Понимаете, я всегда любил историю. Я всегда был в каких-то нормальных, я считаю, пределах (некоторые считают в ненормальных пределах), – любопытен, и поэтому история мне всегда была интересна. Я немного знаю историю Англии. Я представил себе, каково было бы Сэмюэлю Беккету родиться не в ХХ веке, а в XVI, лет на 400 пораньше. Во времена царствования государя Генриха VIII. Попасть под процесс огораживания, попасть под процесс церковной реформации, когда король сказал: сейчас мы распатроним все эти монастыри, а я сам буду главным по части церкви. В те времена, когда отрубили голову Томасу Мору, когда примерно 80 тысяч человек развешали по деревьям. Сначала землевладельцы сгоняли их с земли, потому что поля превращались в пастбища, а потом королевские патрули вешали их на деревьях вдоль дорог, потому что они были бродяги. А это наказывалось. – То интересно: пожив в эту эпоху достославную, что сказал бы Сэмюэл Беккет о страданиях человека ХХ века, который катается как сыр в масле?..
Вот с этого у меня в голове стала происходить возмутительная ревизия по части канонических фигур литературы ХХ века. Ну, понимаете ли, – с одной стороны, и кошке дозволено не только смотреть на короля, но даже при этом мяукать. С другой стороны, чтобы я ни сказал – это не более чем мое частное мнение, которое никак не изменяет судьбы великих людей. С третьей стороны, я на своем мнении никак не настаиваю и никому его не навязываю. Я настаиваю лишь на том, что, как писал тот же Грибоедов: «В такие лета до́лжно сметь свое суждение иметь». Я настаиваю на своем праве иметь свое суждение и высказывать его, не более чем. Мне оно, совершенно понятно, представляется здравым.
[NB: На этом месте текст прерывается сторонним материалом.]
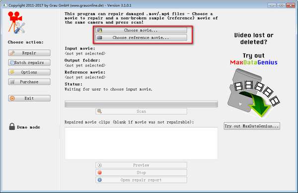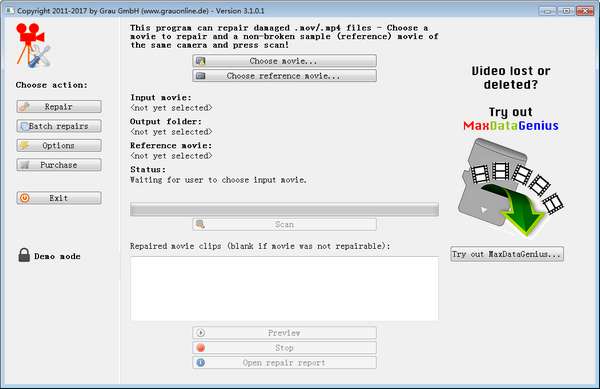 Grau Gmbh最新版是一款相当不错的视频修复处理软件,Grau Gmbh官方版能够修复多种格式的视频,无论是视频损坏还是视频乱码,软件都能将它们修复好,Grau Gmbh最新版支持修复mp4视频、mov视频文件,还有中英文语言可供选择,还能够将佳能MOV格式视频修复成功,修复成功率高。
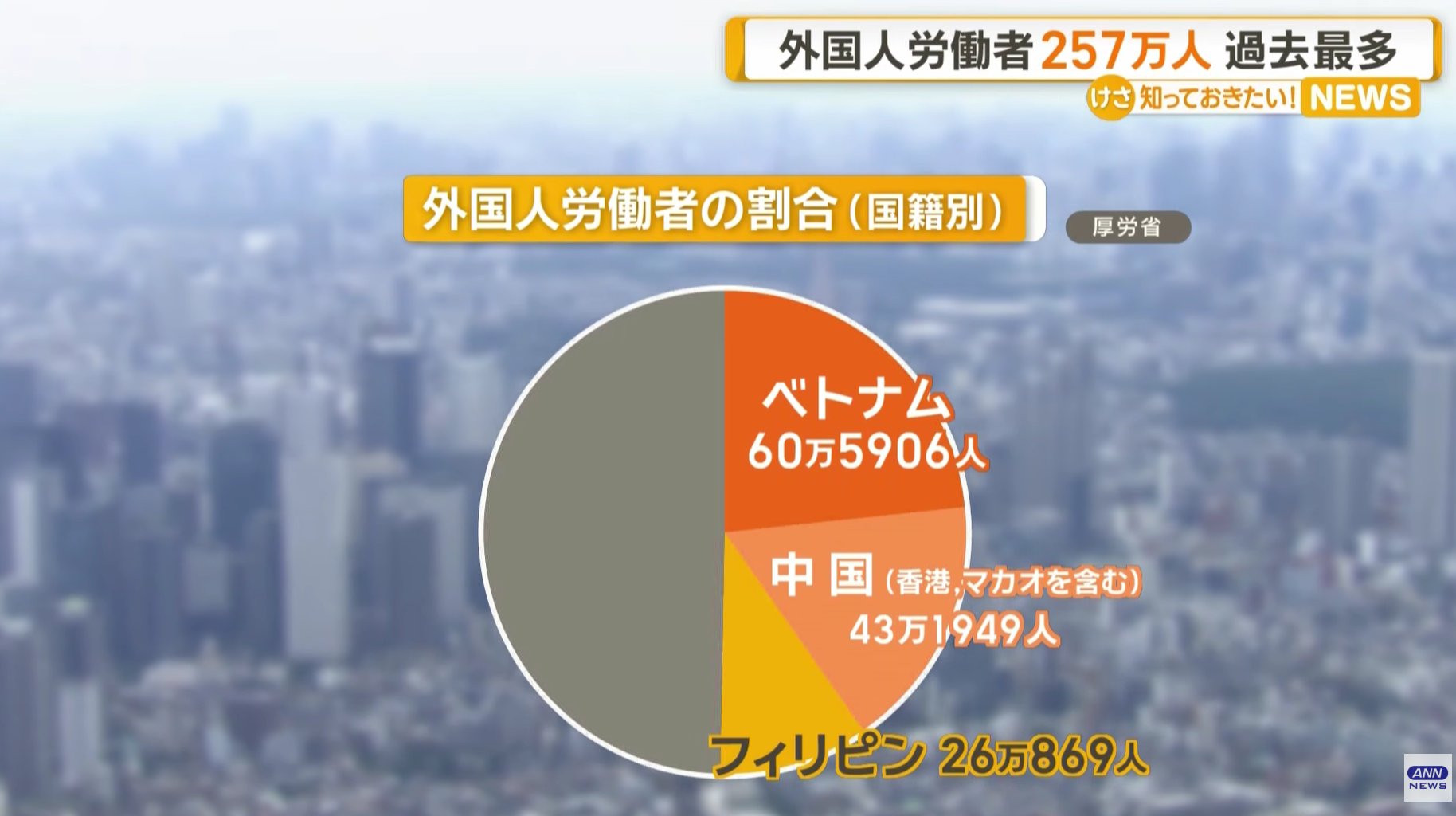 発表によると、国籍別ではベトナムが60万5906人と最多で、全体の23・6%を占めた。次いで、中国が43万1949人(16・8%)、フィリピンが26万869人(10・1%)などと続いた。

Понимаете, по мере лет сложилось совершенно ясное убеждение, что большая часть людей не смеет высказывать своего мнения. Ну люди так устроены, они должны иметь одинаковое мнение, иначе ничего не получится из человечества. Вот они не смеют высказывать свое мнение, потому что они если знают, что Пушкин – это наше всё, значит, всё. Или если они знают, что Ленин – самый человечный человек, значит каждый, кто думает иначе – это враг, и место его в тюрьме. Или знают, что Адольф Гитлер – это вождь немецкого народа, и думать иначе, в общем, это уже преступление против арийской расы, ну и т. д. и т. п.
Но вот бывают коты, которые гуляют сами по себе.
Таким образом, дело происходило так. К концу XIX века литература и вообще искусство достигло небывалого совершенства. А когда совершенство достигнуто, – то спрашивается, куда развиваться? Запомните нехитрый тезис – с вершины все тропы ведут вниз. Вот остановка в развитии невозможна, – а с вершины тропы ведут вниз. Таким образом, к концу XIX века французы, которые были в своей литературе, да и в своей живописи, в чем-то впереди планеты всей – уперлись в то, что они уже, в общем: все могут – и все сделали. Потому что есть уже такой титан как Гюго, есть великий Бальзак, есть изящный, блестящий, отточенный Мериме, есть легкий, отшлифованный Мопассан, и есть идеальный Флобер: все это есть.
А дальше получается, что (что куда дальше?) начал потихоньку появляться неопримитивизм, сказал бы я, как принципиальное течение в искусствах вообще. Начали высказывать ту точку зрения, что если на улице идет дождь, то нечего писать, что «буря мглою небо кроет» или какие-то там водные потоки… с ревом… нет, не фиг, вот не надо наворачивать вот эти красоты, это банально, это пошло, это эпигонство, это признак просто безвкусицы литературной. Нужно писать просто: «Шел дождь». Им возражали, что, вы знаете, для того, чтобы написать «Шел дождь» не нужно быть писателем, достаточно быть клерком. Ну что значит: шел дождь?